Banks earmark more funds for NPLs

Banks earmark more funds for NPLs

Loan-loss provisions see 11.14% increase

Commercial banks set aside more money for rising bad loans over the first nine months in a prudent move, while more provisions are expected in the final quarter amid the anaemic economic turnaround.

The 11 SET-listed banks set aside loan-loss provisions of 60.64 billion baht as of September, rising 11.14% from the end of 2013.

Only TMB Bank and Kiatnakin Bank had lower provisions. TMB added provisions of 825.14 million baht, down 30.95% from the end of December, while Kiatnakin Bank decreased its provisions by 0.84% to 1.67 billion baht.

TMB, the country's seventh-largest lender by assets, divested 3.3 billion baht worth of its non-performing loans (NPLs) in the second quarter.

At the other end of the scale, CIMB Thai Bank (CIMBT) set aside the highest provisions in terms of percentage. It used 1.41 billion baht for bad loans, a 67.45% surge from the end of December.

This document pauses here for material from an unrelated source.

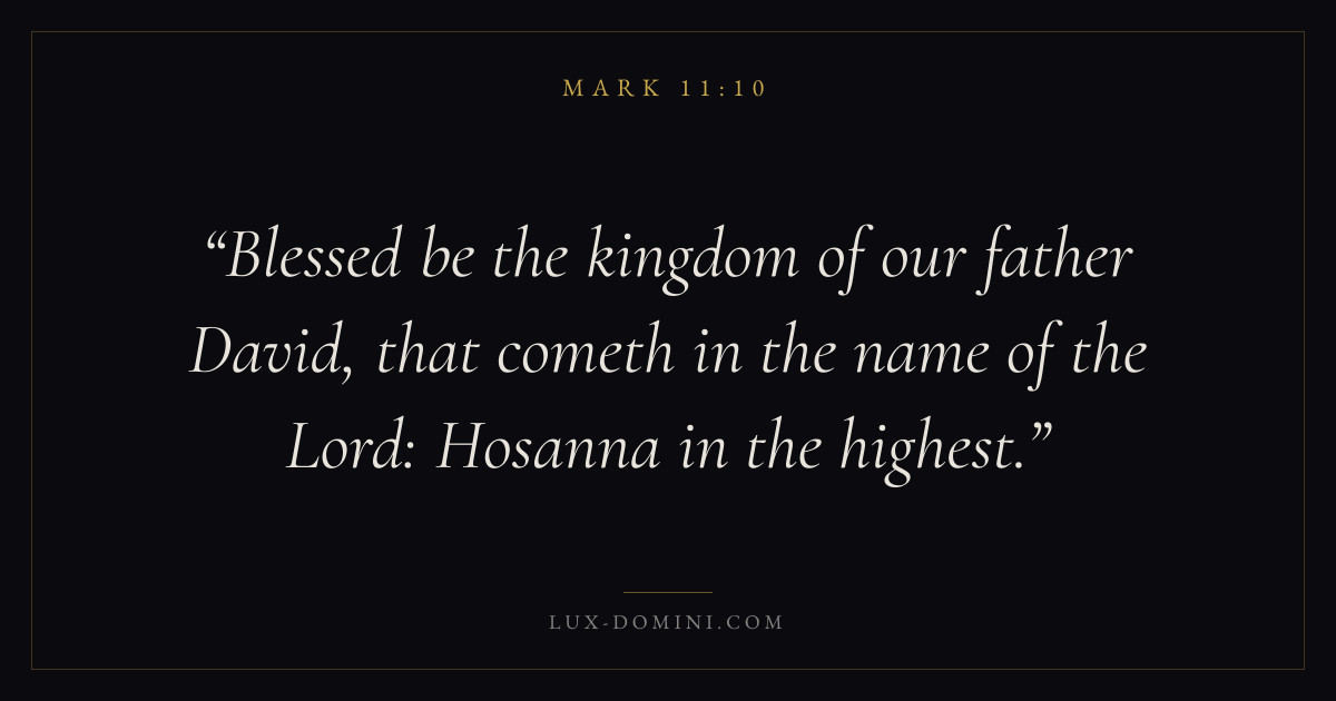 Blessed be the kingdom of our father David, that cometh in the name of the Lord: Hosanna in the highest.

Bank of Ayudhya set aside the highest amount among its industry peers at 13.23 billion baht or 8.99% up from the end of last year.

For the first nine months, commercial banks' outstanding NPLs jumped 10.66% from the end of last year to 309.09 billion baht. The ratio also rose to 3.09% of the industry's total credit from 2.7%.

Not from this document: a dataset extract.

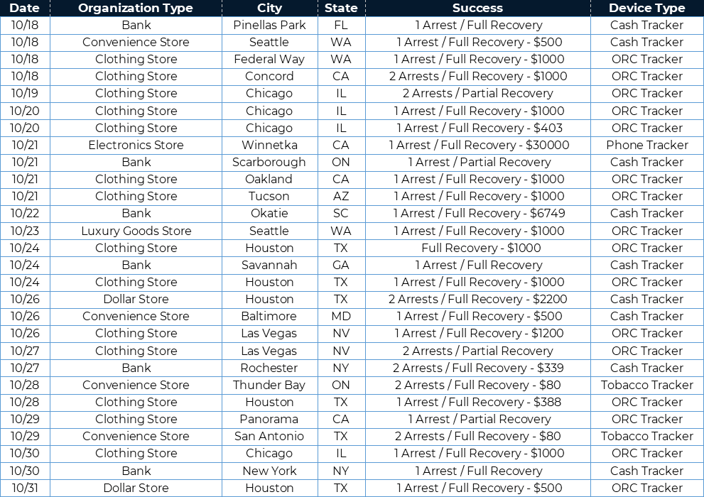 Following a robbery, Pueblo PD located the suspect vehicle within two minutes of receiving the tracker’s location from 3Si’s DirectToDispatch Portal. A highspeed chase ensued, and two out of three suspects were arrested at the scene, and all the stolen cash and the drawer were recovered from the vehicle. Detectives praised the 3Si technology for providing the situational awareness that helped them respond immediately and with precision.

Kiatnakin Bank showed the largest percentage increase in outstanding NPLs, which soared 43.94% to 10.48 billion baht, while Krungthai Bank saw the biggest rise in its NPL amount of 67.46 billion, up by 11 billion baht or 19.50%.

Narongchai Wongthanavimok, CIMBT's chief financial officer, said the bank was set to introduce additional loan-loss provisions this quarter in line with the rising NPL trend.

The bank's provisions for the full-year will certainly be higher than last year, as its provisions at the end of September of 6 billion baht had already outpaced the 5.2 billion baht at the end of last year.

CIMBT's higher bad loans largely comprised unsecured retail loans and auto hire purchase. Economic uncertainty has taken a toll on borrowers' ability to repay debts, but NPLs have stabilised over the past two months.

Mr Narongchai said the bank aimed to keep its NPL ratio at about 3% by the end of this year and may sell off its bad loans. CIMBT disposed of some NPLs in 2012 but has since managed distressed loans by itself to retain its customer base.

"Potential resumption of NPL divestment is under consideration regarding business expansion opportunities, capital savings and reserve burden reduction," he said.

Jesada Techahusdin, an analyst at Maybank Kim Eng Securities (Thailand), said banks were expected to set aside additional loan-loss provisions in the final quarter. However, bad loans are expected to be stable this quarter, while lending could improve from the previous quarter on the back of better signs of economic recovery.